L’immaginario dell’icononauta
Una nuova rivista: All’Archimede
Una nuova piccola deliziosissima rivista veneziana naviga nella rete: il geniale e infaticabile Carlo Montanaro, icononauta peritissimo nello studio dell’arte di fare proiettare vedere (e immaginare) le immagini (ferme e in movimento) ha da poco dato vita ad un’altra delle sue ammirevoli iniziative. La pubblicazione di All’Archimede, trimestrale di cui nel sito www.archiviocarlomontanaro.it trovate il primo (e secondo insieme) numero.
COSMOPOLI (l.c.)- Sono sessanta pagine da sfogliare sullo schermo, oppure anche da possedere in cartaceo scrivendo al sito del direttore. E raccontano di meraviglie: come le riproduzioni fotografiche della Raccolta di macchine, ed instrumenti d’ottica che si fabbricano in Venezia da Biagio Burlini occhialiaio sopra la Fondamenta dell’Osamarin all’insegna dell’Archimede; libro che ha impellentemente costretto Montanaro ad intraprendere l’edizione di questa nuova rivista.
Scrive Montanaro nell’editoriale: «È stato del tutto casuale l’incontro con Biagio Burlini ochialer […] l’idea di entrare in possesso, prima o poi, di questo libro del settecento è andata a collocarsi nell’angolino delle voglie […] lo sterminato luogo dove sono accatastate tutte le ipotesi di ritrovamento auspicate ed auspicabili. […] All’Archimede (la rivista che dalla bottega dell’ochialer prende il nome, ndr) proverà ad esaudire, una alla volta, le moltissime curiosità dell’angolino delle voglie, sperando ardentemente che le voglie di chi scrive, dei suoi soci, dei suoi collaboratori e dei suoi amici, possano diventare le voglie e quindi le curiosità di un vasto pubblico».

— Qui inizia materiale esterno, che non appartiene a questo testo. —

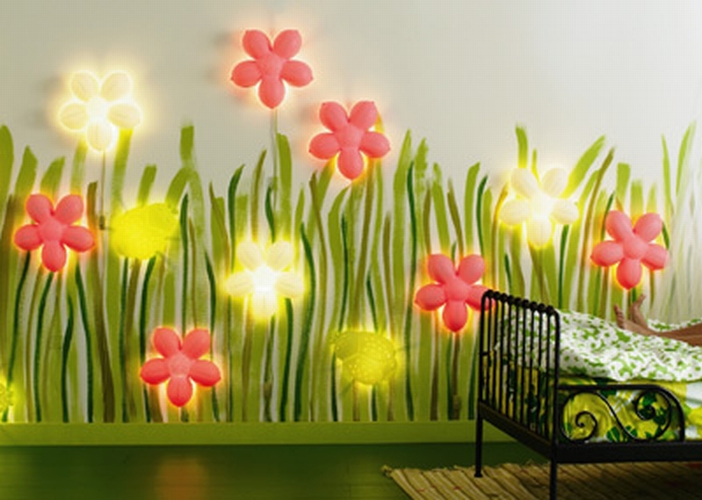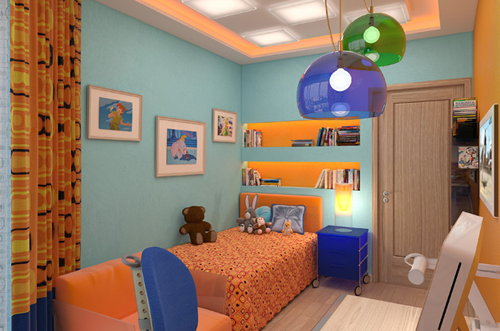 Herná zóna tiež stojí za ozdobu svojím osvetlením. Malo by to byť mierne jasné, zaujímavé, najlepšie originálne dizajnové žiarovky: vo forme rozprávkových postáv, lietadiel, kvetov, motýľov, balónov atď.Ak je dieťa už dosť staré a má svoj vlastný vkus, nemalo by byť na mieste pýtať sa ho na návrh miestnosti a osvetlenie v nej.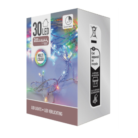 Fényfüzér 30 LED-es timeres elemes (elem nélkül) multi

Biagio Burlini, costruttore di apparecchi ottici di tutti i tipi, vissuto a Venezia dal 1709 al 1771, sulla carta da involto della bottega in fondamenta dell’Osmarin aveva per insegna gli specchi ustori archimediani che la leggenda vuole sbaragliassero la flotta romana nell’assedio navale di Siracusa; più una panoplia di macchine ottiche, camere oscure, e lanterne magiche a far da contorno. Nel libro ci sono incisioni dettagliatissime dell’officina così com’era a metà del settecento (il libro fu edito per i tipi di Modesto Fenzo nel 1758) più formidabili illustrazioni di elegantissimi signori che manovrano canocchiali e strumenti portentosi.
Nelle altre pagine dell’imperdibile rivista, Montanaro e i suoi collaboratori inseguono nel presente gli oggetti usciti dalla bottega all’insegna dell’Archimede (tra cui un meraviglioso microscopio), riportandoli — come dire — alla luce. Concludono il percorso i moderni telescopi che Romano Zen costruisce a Venezia (a San Polo) dal 1977.
Scriveva Burlini: «Tra tutte le Arti, che oltre l’esser ed utili, e necessarie sono dilettevoli insieme, quando maneggiate siano da mani perite, l’Ottica può degnamente ponersi fra le migliori, come quella, che somministrò sempre validi mezzi allo scoprimento delle meraviglie della Natura».
E infatti le sessanta pagine del primo (e secondo) numero di All’Archimede ci conducono alla scoperta di meraviglie, oltre che dell’ottica, anche della storia.